With just two large investment banks remaining - Morgan Stanley and Goldman Sachs - questions are growing over who might step into the suddenly emptier playing field.
Many Wall Street watchers are pointing to the looming presence of large hedge funds and private-equity firms, which have been stealthily encroaching on many of Wall Street's traditional lines of business for years now.
"I think the new Wall Street is not going to be on Wall Street," said Ferenc Sanderson, a hedge fund researcher at Thomson Reuters. "The headquarters of Citadel is in Chicago," he said.
Indeed, the $20 billion Citadel Investment Group is more often compared to Goldman these days.
Last year, Citadel branched into providing administrative and technical support to other hedge funds, not unlike the investment banks. Citadel also has a unit that executes trades for retail brokerages, akin to market makers like Morgan Stanley and Merrill Lynch.
It's a far cry from the small operation Ken Griffin had when he founded Citadel with a modest $1 million in trading money in 1990.
Meanwhile, Steve Schwarzman's buyout firm Blackstone has been encroaching on traditional investment banking roles with its growing advisory business.
Blackstone also raised eyebrows by dispensing advice to blue-chip company Proctor & Gamble when it was looking to spin off units, and to Microsoft when it sought to buy Internet company Yahoo!.
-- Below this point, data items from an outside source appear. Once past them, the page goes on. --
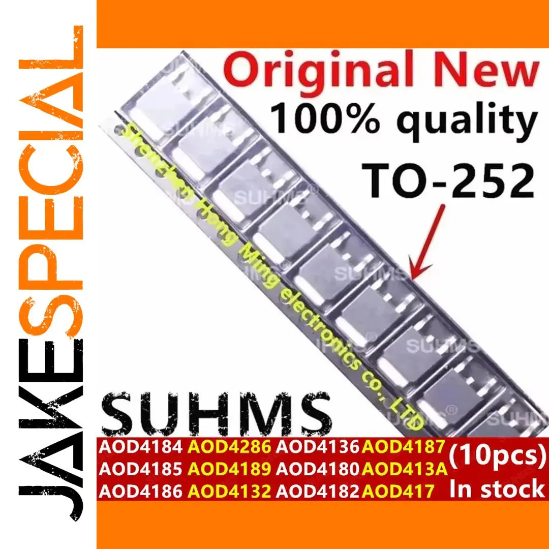 Transform your electronic projects with this high-quality set of 10 integrated circuits, expertly housed in transparent TO-252 packages. Designed for precision and versatility, these ICs operate within standard supply voltages and temperature ranges suitable for various computer applications. Their sleek, rectangular metallic bodies with reflective surfaces enhance their industrial aesthetic, while the small gaps between components ensure easy placement and soldering. The array features a variety of models, including AOD4184, AOD4185, AOD4186, AOD4286, and more, each identifiable by distinct color codes such as AOD413A, AOD4189, and AOD4182. Their durable construction and customizable options make them ideal for advanced electronic assemblies, offering reliable performance in demanding environments. Whether you're a professional or enthusiast, this set is perfect for your next tech upgrade.
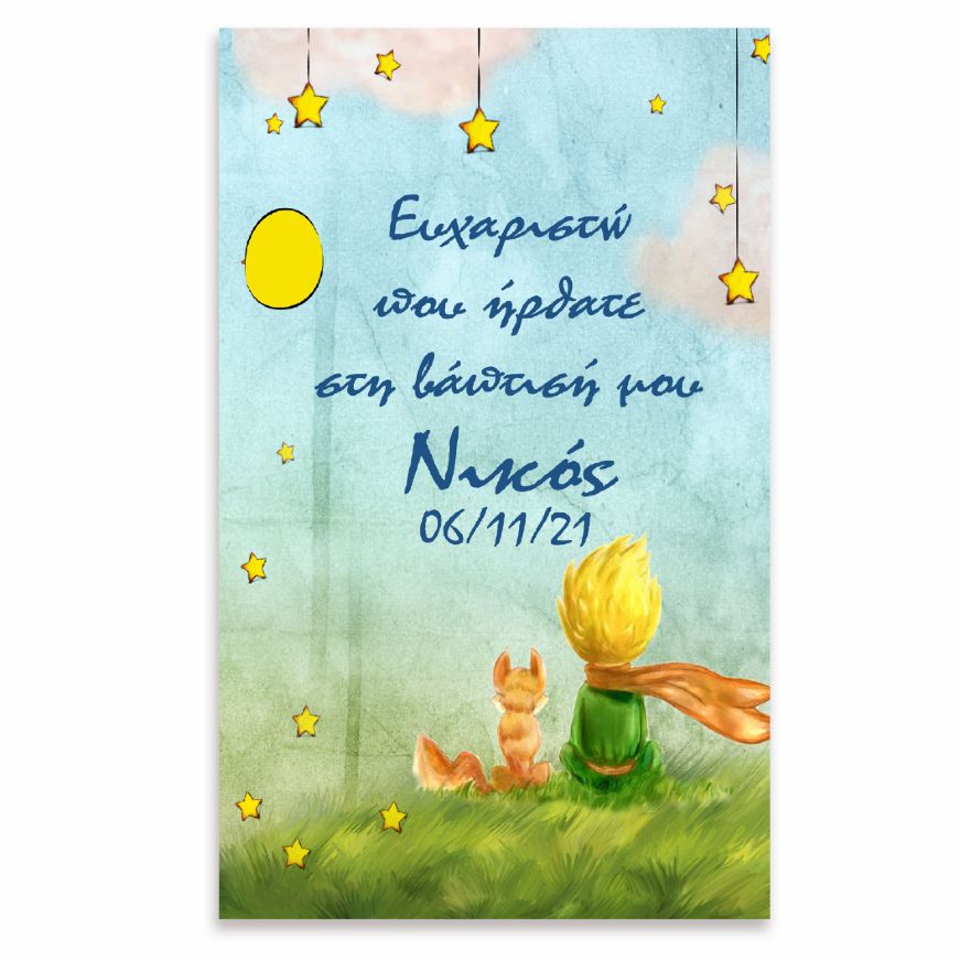 Μεγάλη αφίσα για να διακοσμήσετε το χώρο του πάρτυ ή της βάπτισης, με θέμα τον Μικρό Πρίγκιπα και εκτυπωμένο το μήνυμα που θέλετε!
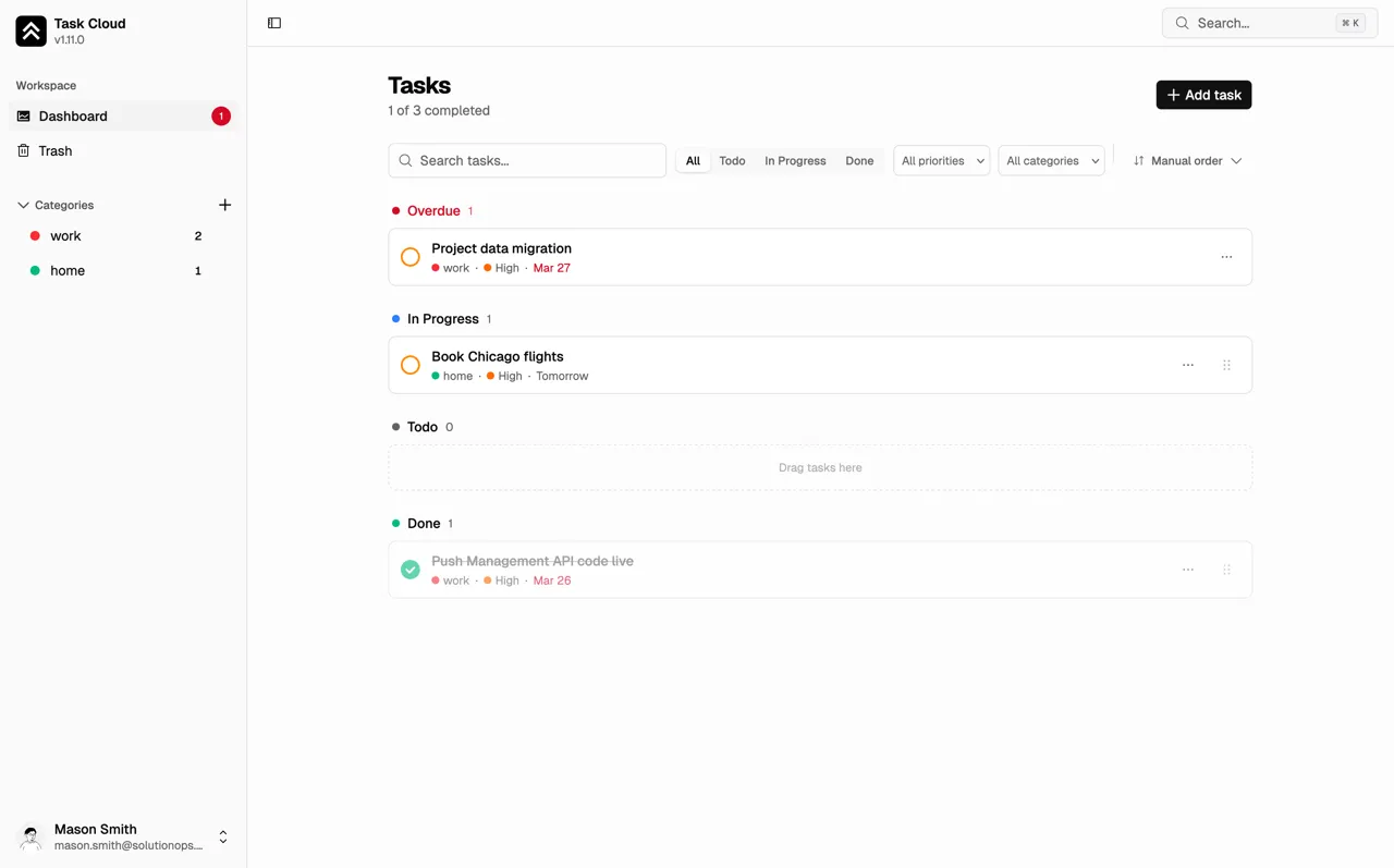 Most task apps try to do everything. This one does less, better. Clean categories, keyboard-first navigation, and nothing between you and your work. Every feature gets its own test environment with automated checks before anything touches production.

But the new Wall Street players aren't necessarily any safer than their predecessors, people warn.
Firms like Blackstone, Fortress, Och- Ziff and KKR are or soon will be public companies that are tough to value and therefore vulnerable to the same crisis of confidence problems that befell Bear and Lehman - and nearly crippled Merrill Lynch, people say.
"It is all a matter of how much leverage they take on," said Scott Rothbort, finance professor at Seton Hall University's Stillman School of Business and president of LakeView Asset Management.
There're also growing concerns these new players are setting themselves up for the same mistakes by taking their stocks public, making them vulnerable to shareholders and encouraging them to take risks to boost the stock price.